To sum up. All this means that in early Christianity history is swallowed up in eschatology. The early Christian community understands itself not as a historical but as an eschatological phenomenon. It is conscious that it belongs no longer to the present world but to the new Aeon which is at the door. The question then is how long this consciousness can remain vivid how long the expectation of the imminent end of the world can remain unshaken.

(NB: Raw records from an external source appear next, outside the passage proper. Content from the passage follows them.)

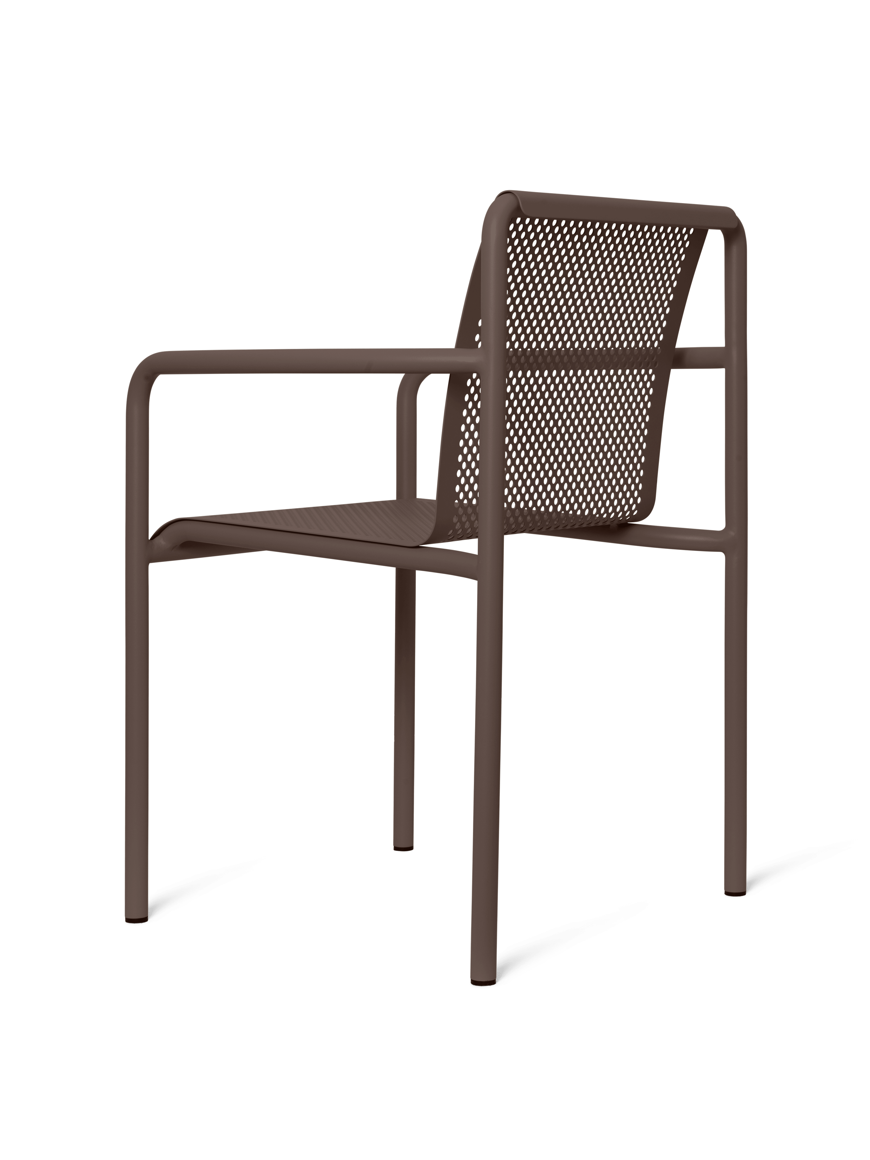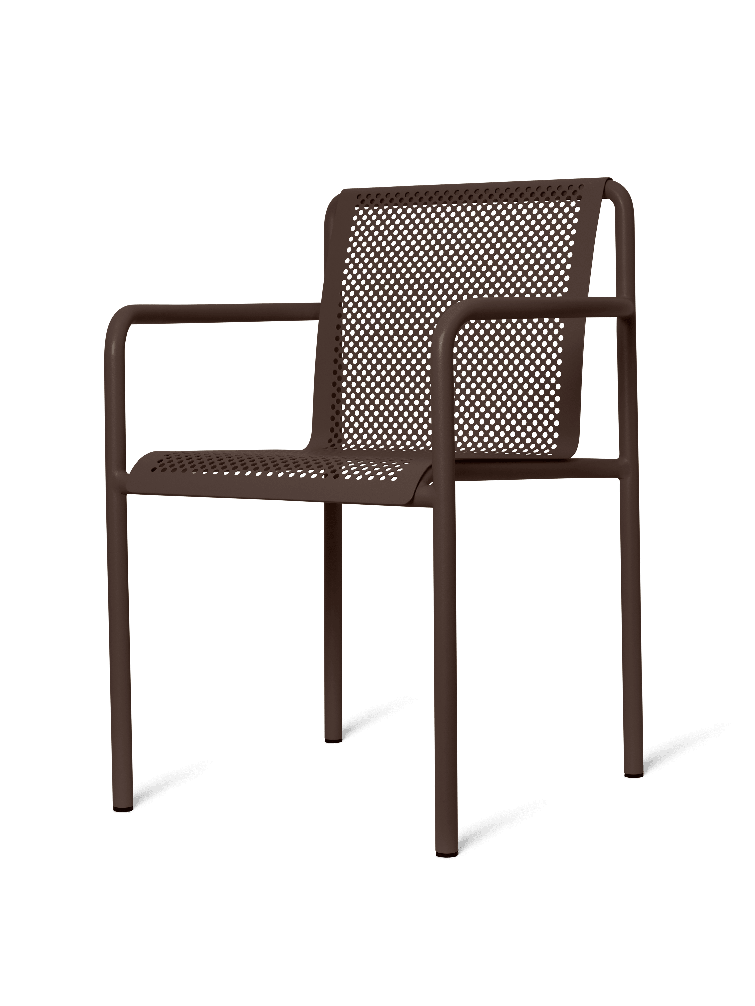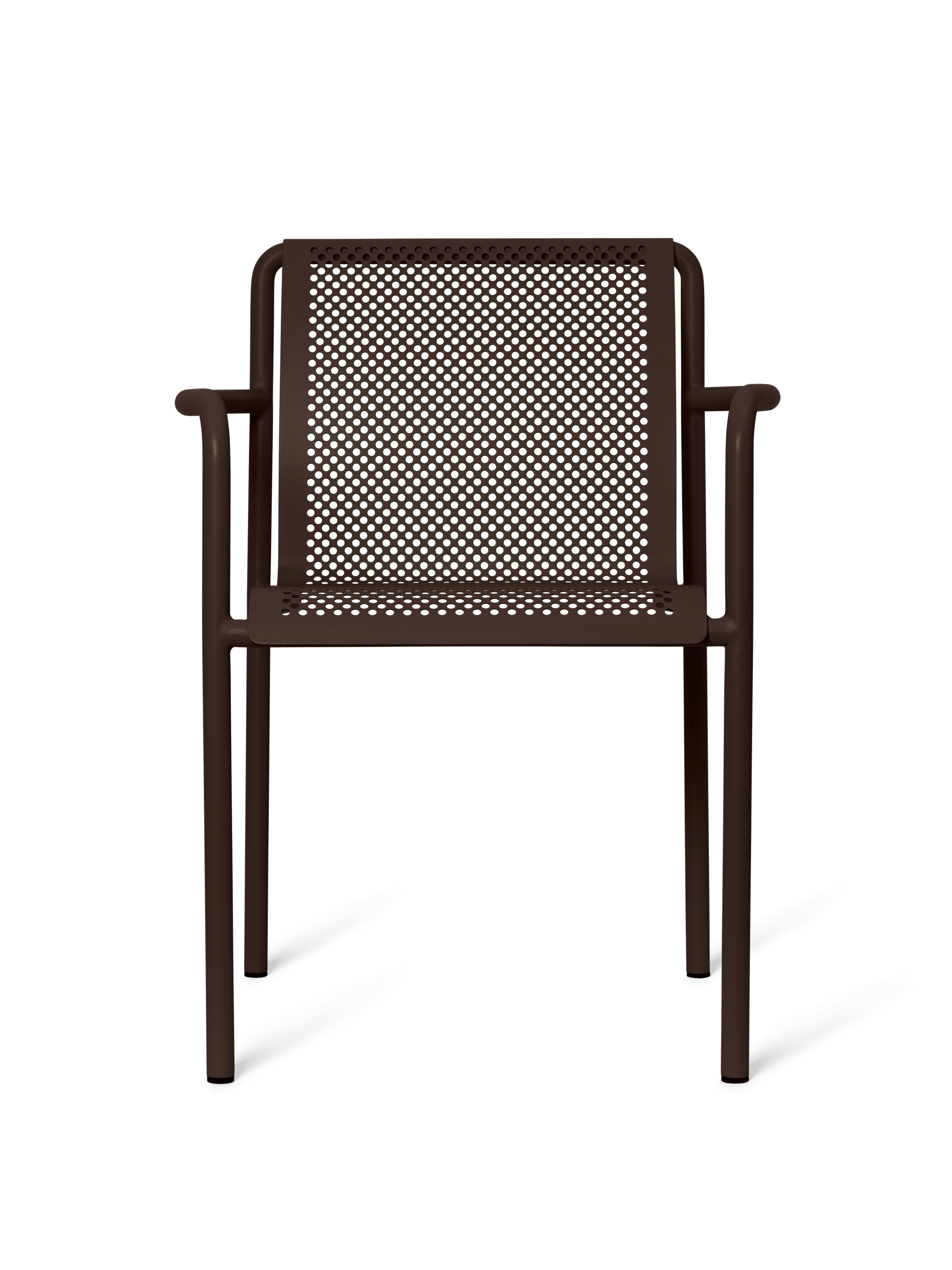 Krzesło z podłokietnikami Dapple to stylowe połączenie funkcjonalności i subtelnego designu inspirowanego grą światła i cienia. Perforowana powierzchnia przypominająca światło prześwitujące przez liście nadaje lekkości i elegancji, jednocześnie zapobiegając gromadzeniu się wody. Dzięki galwanizowanej stali z powłoką proszkową krzesło jest odporne na warunki atmosferyczne – idealne do użytku na tarasie, balkonie czy w ogrodzie.
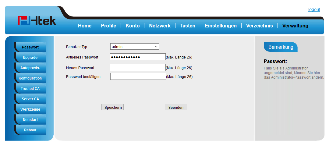 Um das das Administrator-Passwort zu ändern klicken Sie bitte im oberen Menü auf „Verwaltung“ und geben Sie das aktuelle und das neue Passwort ein.
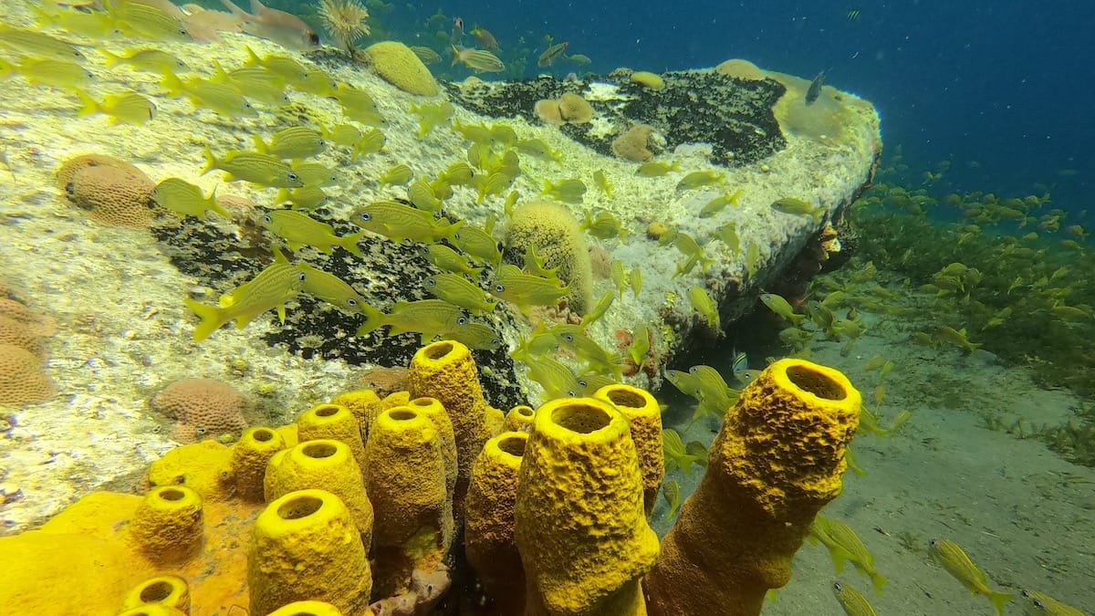 Immersed since 2004, the sculpture has begun to be covered with small sponges, corals and Sabella. As an artificial reef, the sculpture attracts many fish, such as sergeant majors, dusky squirrelfish and French grunts. On the surrounding seagrass beds, sea turtle or stingrays are occasionally spotted.
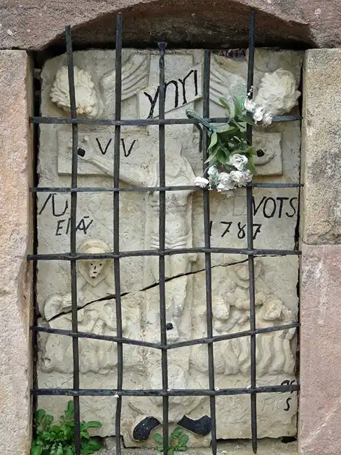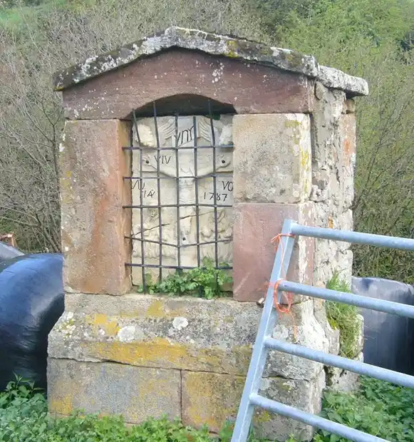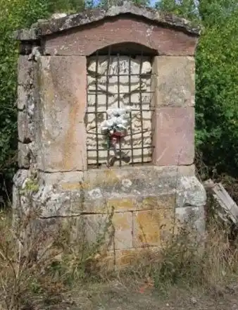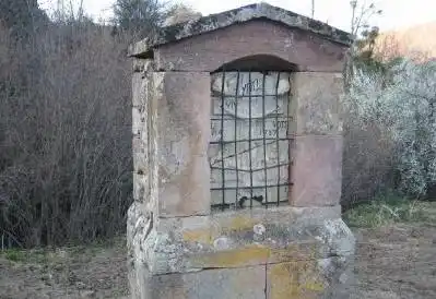 Humilladero de piedra con techumbre a dos aguas también de piedras.

Obviously the fact that the expected coming of Christ failed to take place gave rise to disappointment and doubt. Therefore the admonitions and warnings to be vigilant and not to grow weary increased. The struggle against doubt became important—the doubt which says: ‘Where is the promise of his coming? For ever since the fathers fell asleep all things have continued as they were from the beginning of creation’ (2 Peter iii. 4). The answer is that God reckons with other times than men for ‘with the Lord one day is as a thousand years and a thousand years as one day’. And furthermore we must consider the forbearance of God who does not wish ‘that any should perish but that all should reach repentance’. Elsewhere it is simply said that the counsel of God is hidden: ‘of that day or that hour no one knows not even the angels in heaven nor the Son but only the Father’ (Mark xiii. 32). But such answers could not provide a solution of the problem for any length of time.